I don’t think she’s fooling anyone in the audience with her attitude.  She clearly has feeling for the young, dumb Yasaburou.  But her tengu upbringing and her immense power places her so high in the clouds that even Yasaburou, someone who is supposed to know her as well as anyone, still gets the wrong idea about her.  When she asks why Akadama received a gift and she did not, Yasaburou responds by saying that she already has everything she could want.  Benten’s rebuttal is that she has nothing that she wants.  These two characters have their differences, but they’re supposed to be intimate on a certain level.  This conversation illustrates a huge gap between these characters.
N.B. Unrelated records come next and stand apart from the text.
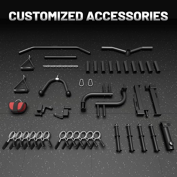 - [Ultimate Versatility & Compatibility]: Compatible with various accessories including lat pull-down bar*1, T-bar*1, pull down bar*1, tricep rope*1, J-hooks*2, cable handle*2, 360° landmine*1 and so on, this workout system precisely accommodates diverse training movements while unlocking expanded workout possibilities. Featuring 11 front and 12 side holes positions, this system universally accommodates market-leading accessories to meet your varying fitness requirements
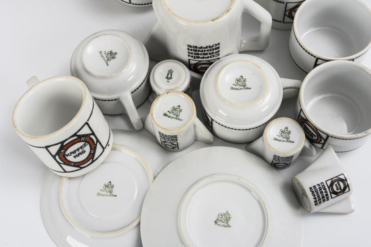 27 pieces of coffee tableware "Kaffee Hag" and 1 tin can. Tettau.
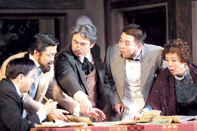 这一次由任鸣导演的《油漆未干》,取得了相当好的演出效果。在热闹的舞台上,观众始终能感受到一个画家的灵魂,在伟大的艺术天堂里嘲笑着过去看不起他,现在却想靠他发财的人们。在金帆音乐厅里,观众不知不觉地和死去的画家站到了一起,愤怒、鄙视的情绪充斥在剧场里。

The problem here is that Benten is way too graceful and subtle.  While Yasaburou may be a slick and talented trickster, he hasn’t shown that he’s capable of picking up the finer details in their interactions like he’s able to pick up the details in a subject he’s mimicking.  Conversely, Benten’s subtle and calm nature comes off as incredibly cold and cruel to Yasaburou, and it grates him greatly at a time like this.  He doesn’t have time, nor does he care for subtleties when his oldest brother and perhaps his mother are about to be eaten.  It’s a shame that despite Benten’s efforts to be closer to Yasaburou, they still have this same void of understanding between them that they had way back in episode one.

Going into this final stretch, I hold out hope that Yaichiro will find a way to live someway somehow.  Though I’m waffling back and forth on whether I’d like to see Soun Ebisugawa take his place (it’d be the most bitter hot pot ever).  I’ve been given enough of a glimpse into his past for him to be a sympathetic character, but I still believe he’s done some utterly reprehensible and unforgivable things.  Though I’m starting to think that in the end, the hardest thing for this show to accomplish will be to manage some semblance of healing and emotional honesty between Yasaburou, Benten and Akadama.

Further Reading:

  1. animeokay
    September 16, 2013 at 00:41

    I totally want to see Ebisugawa in the hotpot. Fitting end for a betraying, murderous, scheming piece of crap… His wounds don’t move me. It’s one thing to resent your brother, and it’s another to try to annihilate his children and take his wife prisoner to soothe your hurts and advance your power game. He sucks. I wanna see him die gruesomely.